Remote sensing image semantic segmentation method based on small target and edge feature enhancement

Semantic segmentation of high-resolution remote sensing images based on deep learning has become a hot research topic and has been widely applied. At present, based on the structure of the convolutional neural network, when extracting target features through multiple layer convolutional layers, it is easy to cause the loss of small target features and fuzzy boundary of ground object classification. Therefore, we propose a remote sensing image semantic segmentation method P-Net to detect small target and enhance edge feature. The proposed network was based on an Encoder-Decoder structure. The decoder included the following components: a progressive small target feature enhancement network (IFEN), a boundary thinning module (BRM), and a feature aggregation module (FIAM). Firstly, the dense side output features of the encoder network were utilized to learn and acquired small target feature information and target edge features. Secondly, the pyramid segmentation attention module was introduced to effectively extract fine-grained and multi-scale spatial information. This module enhanced the feature expression of small targets and obtained high-level semantic feature information.
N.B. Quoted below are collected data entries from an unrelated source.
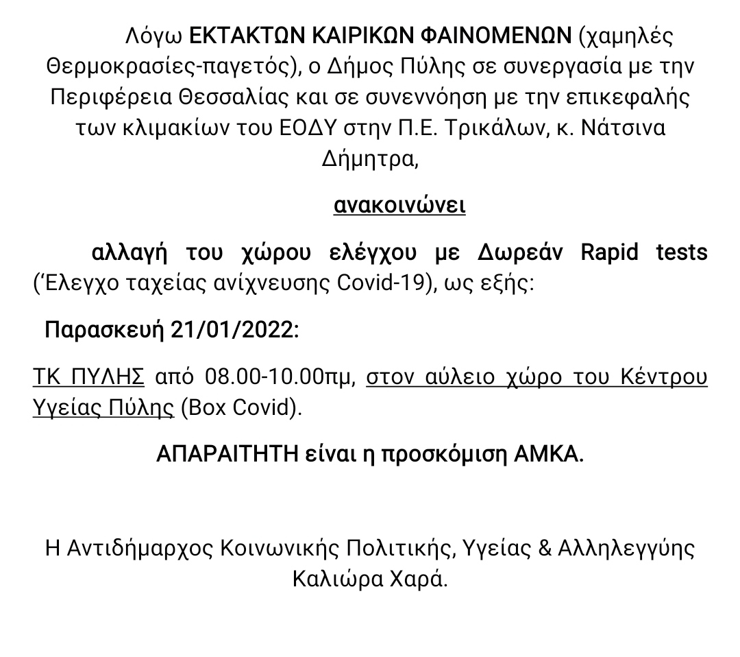 ‘Eλεγχο ταχείας ανίχνευσης Covid-19
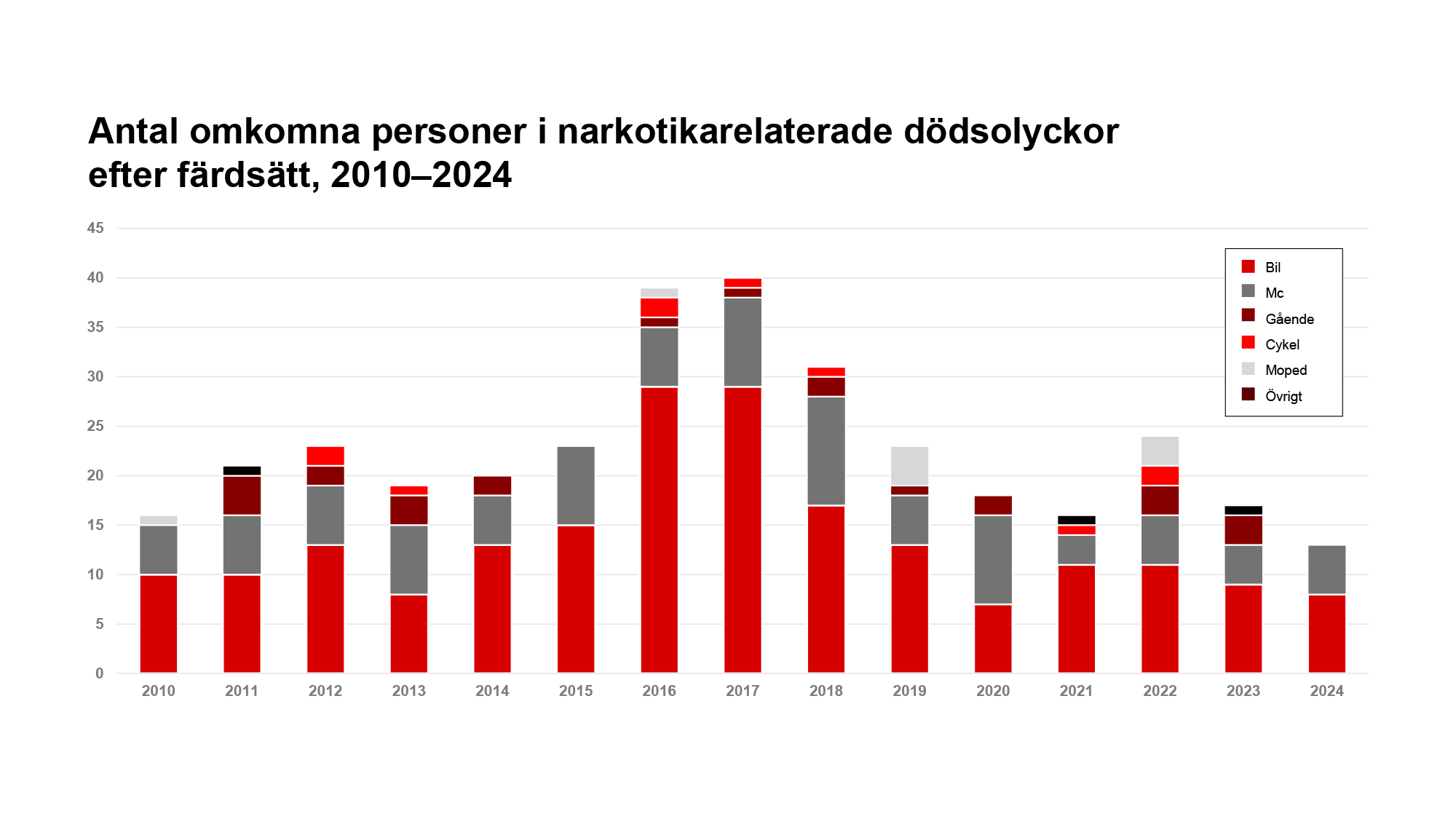 Under 2024 omkom 13 personer (9 narkotika + 4 både alkohol och narkotika) i narkotikarelaterade olyckor, vilket är fyra personer färre än år 2023. Mellan 2015 och 2017 skedde en kraftig ökning av antal omkomna i drogrelaterade olyckor, från 23 till 40 personer. Därefter har en minskning skett till ungefär samma nivå som tidigare år.
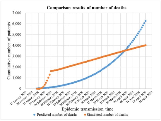 Although the effect of the death toll during the prevention and control period is better than that predicted during the outbreak period, there is still a gap between the simulation results and the actual data. Thus, further adjustment of the model is required to get closer to the change in the death toll during the prevention and control period.

The boundary refinement module was designed to refine the low-level spatial feature information extracted by the encoder. Finally, in order to improve the accuracy of remote sensing image object segmentation boundaries, skip connections were used to fuse high-level semantic information and low-level spatial information acrossed layers. These skip connections had the same spatial resolution but different semantic information. In this paper, six evaluation indices including mean intersection over union, frequency weighted intersection over union, pixel accuracy, F1, recall, and precision were used to verify on two public datasets of high-resolution remote sensing images, Gaofen image dataset (GID) and wuhan dense labeling dataset (WHDLD). In the GID dataset, each index reached 78.90%, 78.87%, 87.76%, 87.74%, 87.51%, and 88.04%, respectively; in the WHDLD dataset, each index reached 63.21%, 75.20%, 84.67%, 75.79%, 76.56%, and 75.45%, respectively. The results show that the performance of proposed method is better than that of DeepLabv3+, U-NET, PSPNet, and DUC_HDC methods. More precisely, the recognition performance of small target features is better, and the boundary obtained between object categories is clearer.